━━ Provided material ━━
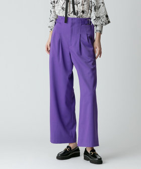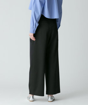 ウール混の高級感ある生地の風合いが美しいワイドパンツ。
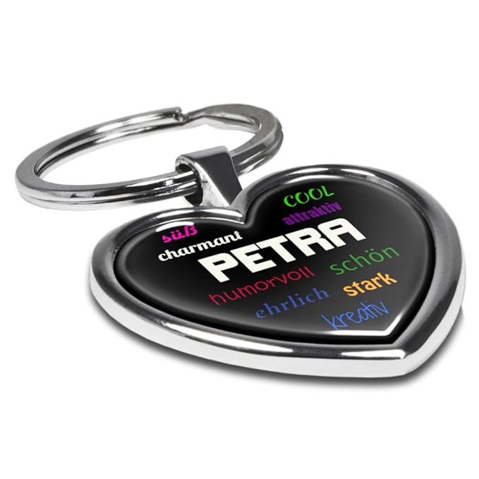 Verchromter Herz-Schlüsselanhänger aus Metall Personalisierter Schlüsselanhänger mit dem Namen 'Petra' Robuste Ausführung in Premiumqualität Namensschlüsselanhänger einseitig mit „3D“-Effekt Besonders stabile Oberfläche durch die glasklare, gewölbte (Doming-) Oberfläche › Weitere Produktdetails
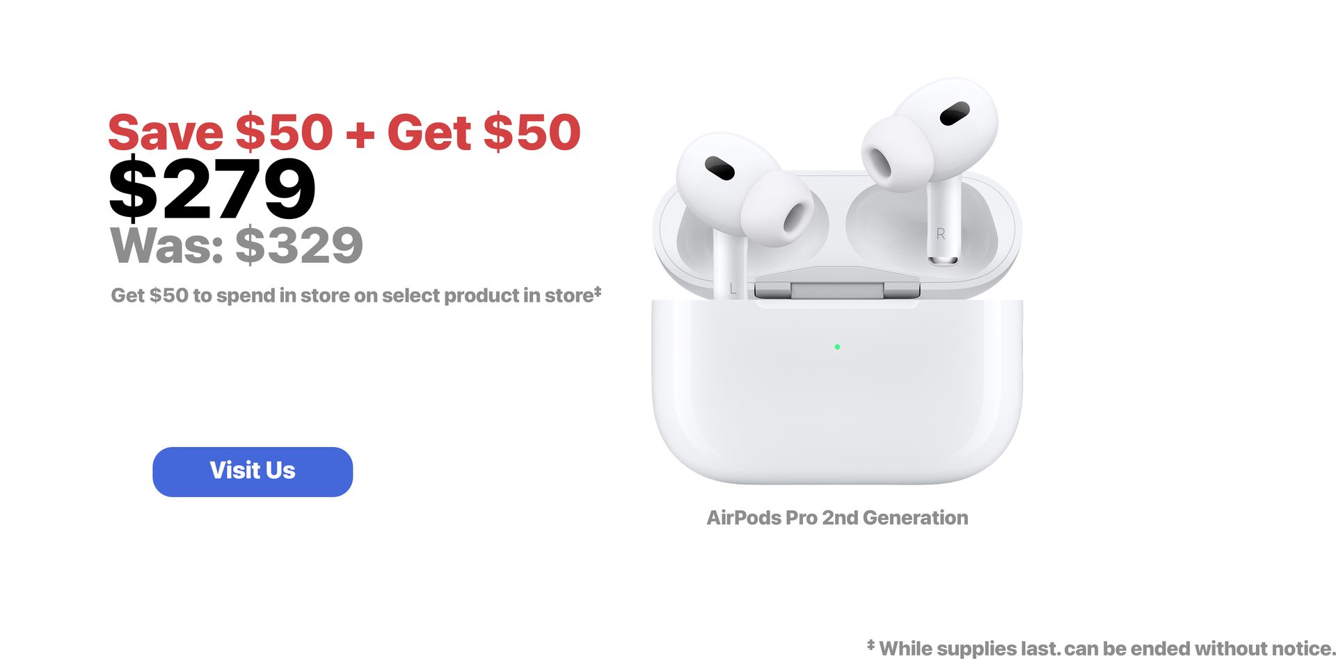 The AirPods Pro 2 deliver rich sound, excellent noise cancellation, and a smooth experience across all your Apple devices. With savings of $50 off, they’re a great value for anyone looking to upgrade their earbuds. Whether you’re commuting, working out, or just want better audio for your day-to-day, AirPods Pro 2 offer premium performance at a friendlier price.
━━━
Omit the pictures and reproduce the listing exactly.

Response
 ウール混の高級感ある生地の風合いが美しいワイドパンツ。
 Verchromter Herz-Schlüsselanhänger aus Metall Personalisierter Schlüsselanhänger mit dem Namen 'Petra' Robuste Ausführung in Premiumqualität Namensschlüsselanhänger einseitig mit „3D“-Effekt Besonders stabile Oberfläche durch die glasklare, gewölbte (Doming-) Oberfläche › Weitere Produktdetails
 The AirPods Pro 2 deliver rich sound, excellent noise cancellation, and a smooth experience across all your Apple devices. With savings of $50 off, they’re a great value for anyone looking to upgrade their earbuds. Whether you’re commuting, working out, or just want better audio for your day-to-day, AirPods Pro 2 offer premium performance at a friendlier price.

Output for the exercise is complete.